▶ Stored data
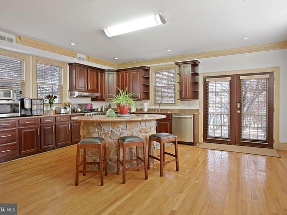 Expanded and updated 2.5 story detached with full improved basement. Open main level floorplan with living, dining, spacious eat-in kitchen with breakfast bar, powder room. Front porch, french doors overlook rear deck for relaxing and enjoying the beautifully landscaped yard. Middle level has 3 bedrooms, 2 full baths, lots of closets (rough-in for washer/dryer in hall closet). Upper level is suited for a family room or 4th bedroom with a full bath. Basement is finished as a rec/family room with full bath, rough-in for a wet bar or in-law setup. Rear storage room or use as office/workout area. Full sized washer and dryer will convey. Exit to exterior. The rear alley access parking pad will accommodate at least 2 full sized vehicles. Detached shed and plant boxes will convey. Dual zoned HVAC replaced 2021, HWH replaced 2020. Bluetooth intercom throughout. Gas cooking and heat. Freshly painted interior (white) offers a blank slate for your color design customization! Cinch 1-year home warranty provided. Short distance to Takoma red line subway, downtown Takoma Park dining and shopping.
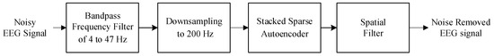 EEG signals, which reflect the stress caused by audiovisual stimulation, are recorded using noninvasive multichannel electrodes, preprocessed, and analyzed spectrally. An EEG signal is a fine electrical signal tens to hundreds of microvolts (µV) in magnitude and includes various noise components along with signals generated in the actual brain. As shown in Figure 2, preprocessing consists of four steps and is used to remove noise from EEG signals to facilitate subsequent sentiment analysis. During preprocessing, high- and low-frequency noises are first removed by applying a 4 to 47 Hz bandpass filter to the EEG data. The EEG data is then downsampled to 200 Hz, and ocular artifacts are removed using deep learning-based stacked sparse autoencoder [18]. Subsequently, the spatial difference of the original signal is improved, and temporal information is maintained through the spatial filter [19] to which the eigen decomposition is applied.
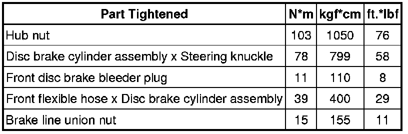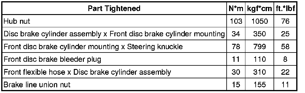 SPECIFICATIONS: BRAKE (FRONT): TORQUE SPECIFICATIONS
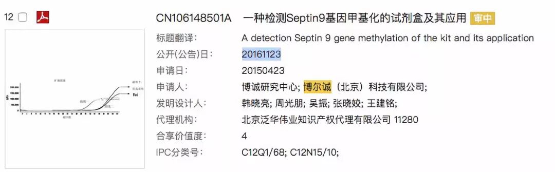 當(dāng)然了,企業(yè)在實際創(chuàng)新申報時要考慮的絕不僅是專利這一個因素,假如根據(jù)研發(fā)管線的進(jìn)度在專利申請之初就預(yù)計創(chuàng)新申報會延后,那這時企業(yè)其實可以選擇專利的延遲公開策略,保證在要申報創(chuàng)新前一個多月時再公開。比如博爾誠公司2017年4月21日獲批的胃癌甲基化基因檢測試劑盒創(chuàng)新批件中的專利申請策略。

▶ Task statement
What is needed is an exact restatement of the lines from the line with "SPECIFICATIONS: BRAKE (FRONT): TORQUE" through the final line of the data, pictures excluded.

▶ Result of this exercise
 SPECIFICATIONS: BRAKE (FRONT): TORQUE SPECIFICATIONS
 當(dāng)然了,企業(yè)在實際創(chuàng)新申報時要考慮的絕不僅是專利這一個因素,假如根據(jù)研發(fā)管線的進(jìn)度在專利申請之初就預(yù)計創(chuàng)新申報會延后,那這時企業(yè)其實可以選擇專利的延遲公開策略,保證在要申報創(chuàng)新前一個多月時再公開。比如博爾誠公司2017年4月21日獲批的胃癌甲基化基因檢測試劑盒創(chuàng)新批件中的專利申請策略。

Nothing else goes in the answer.